With pictures left out, output exactly the lines from the line holding "上記は、NYダウ25年2月中" through the end of the data, both included.

### PROVIDED MATERIAL
□ □ □ □ □ □ □
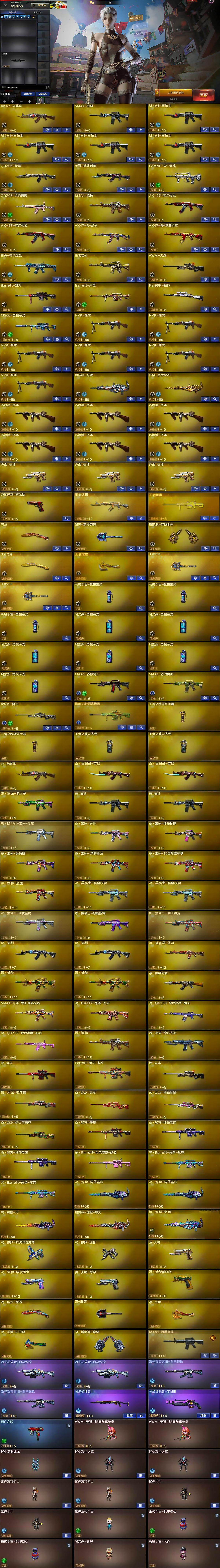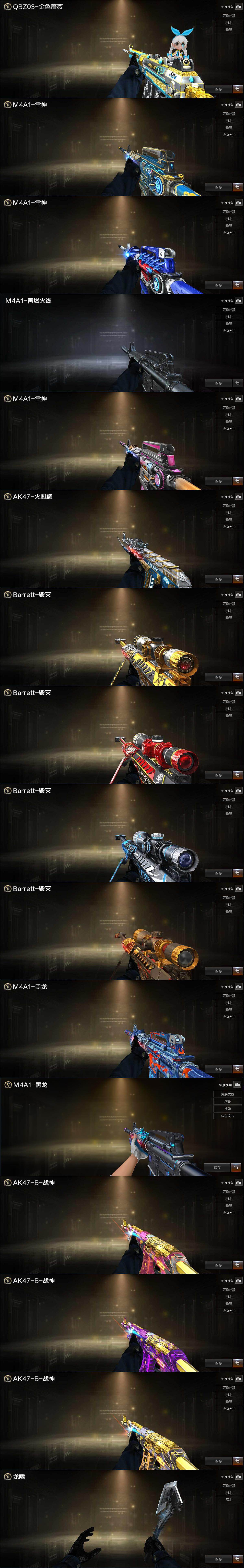 【热门武器】:QBZ03-金色蔷薇,M200-竞技荣光,死亡之眼,白虎-电玩蓝兔,荣耀世冠-柯尔特,Kar98K-星神,M4A1-黑骑士*4,汤姆逊-烈龙*6,RPK-盘龙*6,加特林-炼狱
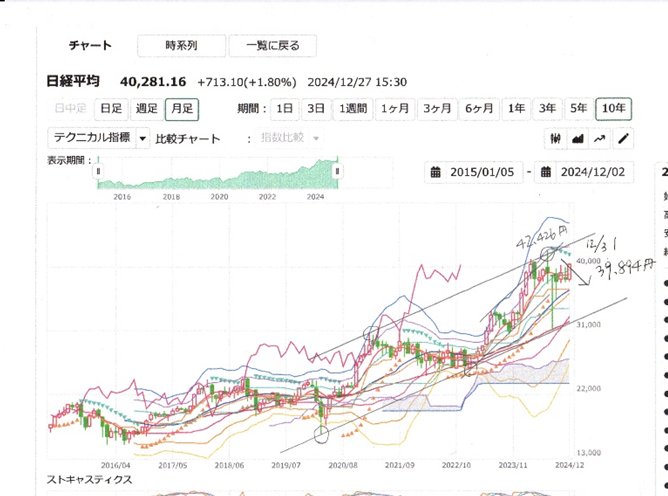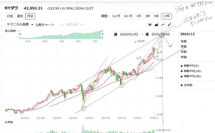 上記は、NYダウ25年2月中に45、073ドルを超えれば6月ごろ51、000ドルで当面の高値。その後はトランプ政権次第ではないでしょうか。ただし、その後の投資が一番利益を生み出す「ハイリスクはハイリターン」でしょうが、いつ下げてもおかしくない状態なので、一般の人は度胸が座っていないとついていけません。
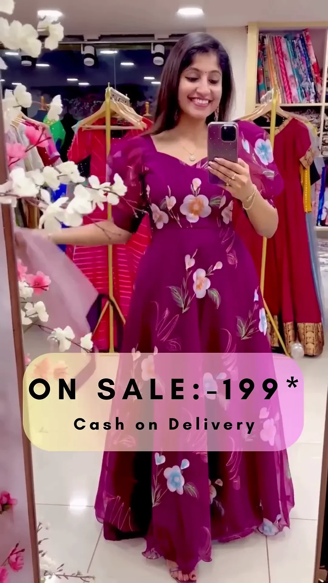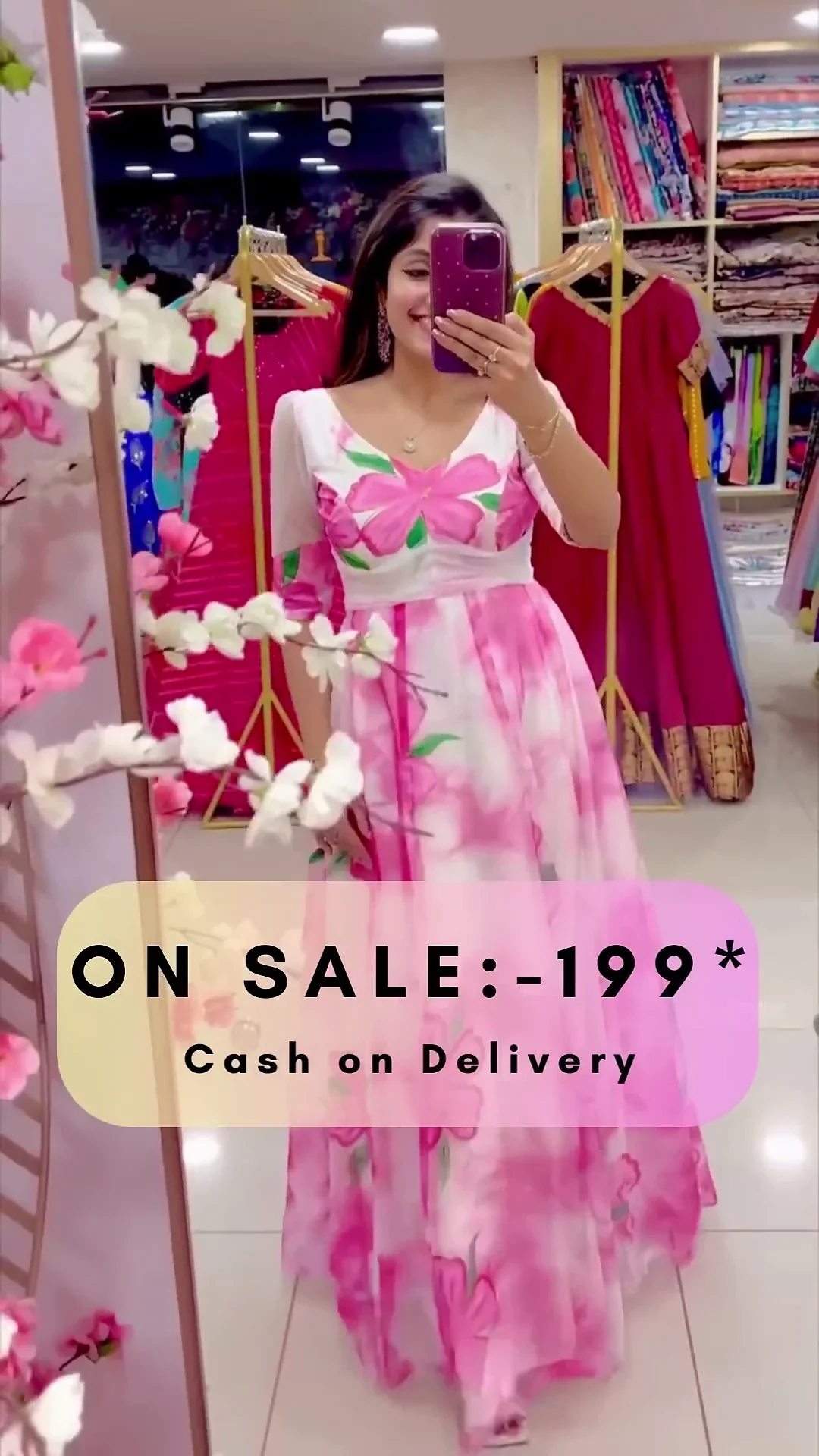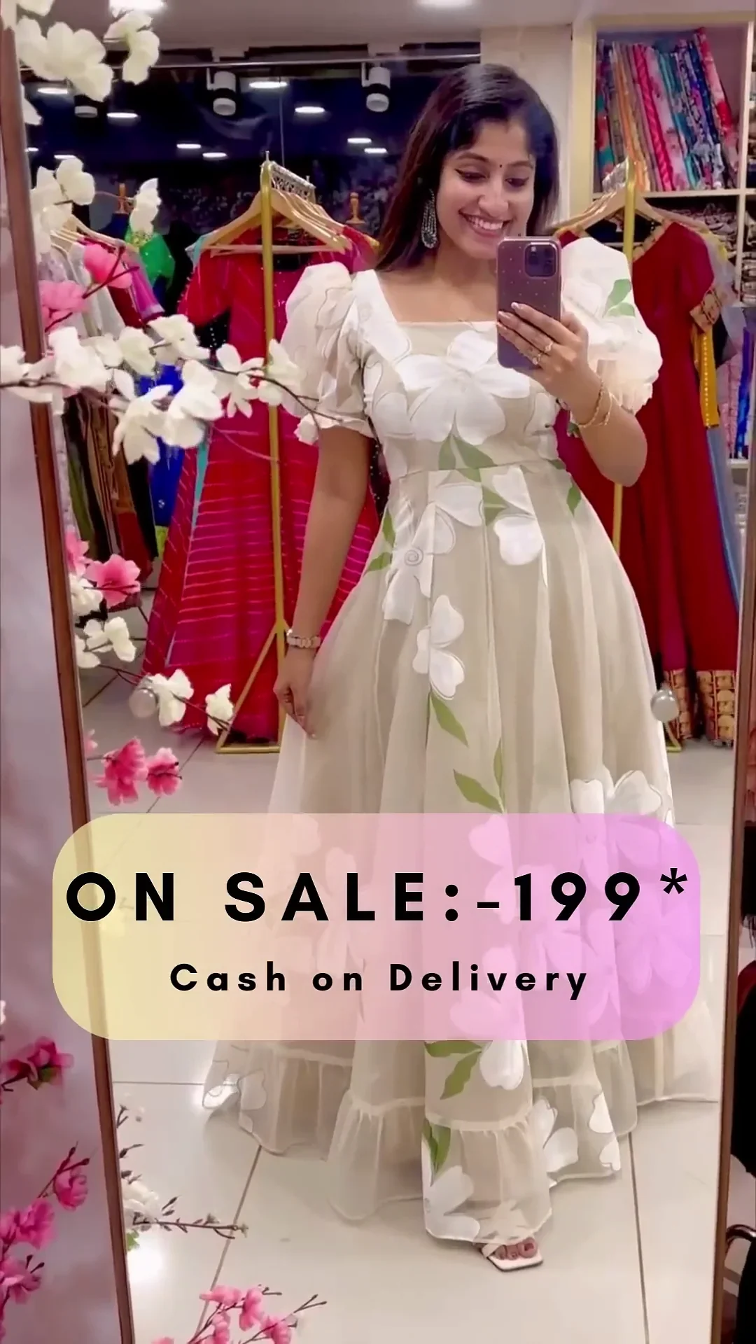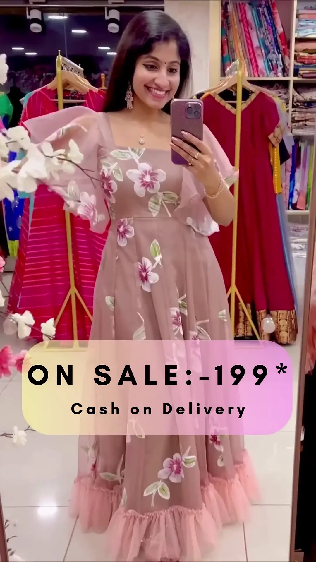 + Free ShippingFabric – hand painted floral organza. (with full lining, lining mandatory).
□ □ □ □ □ □ □
### RESULT BELOW
 上記は、NYダウ25年2月中に45、073ドルを超えれば6月ごろ51、000ドルで当面の高値。その後はトランプ政権次第ではないでしょうか。ただし、その後の投資が一番利益を生み出す「ハイリスクはハイリターン」でしょうが、いつ下げてもおかしくない状態なので、一般の人は度胸が座っていないとついていけません。
 + Free ShippingFabric – hand painted floral organza. (with full lining, lining mandatory).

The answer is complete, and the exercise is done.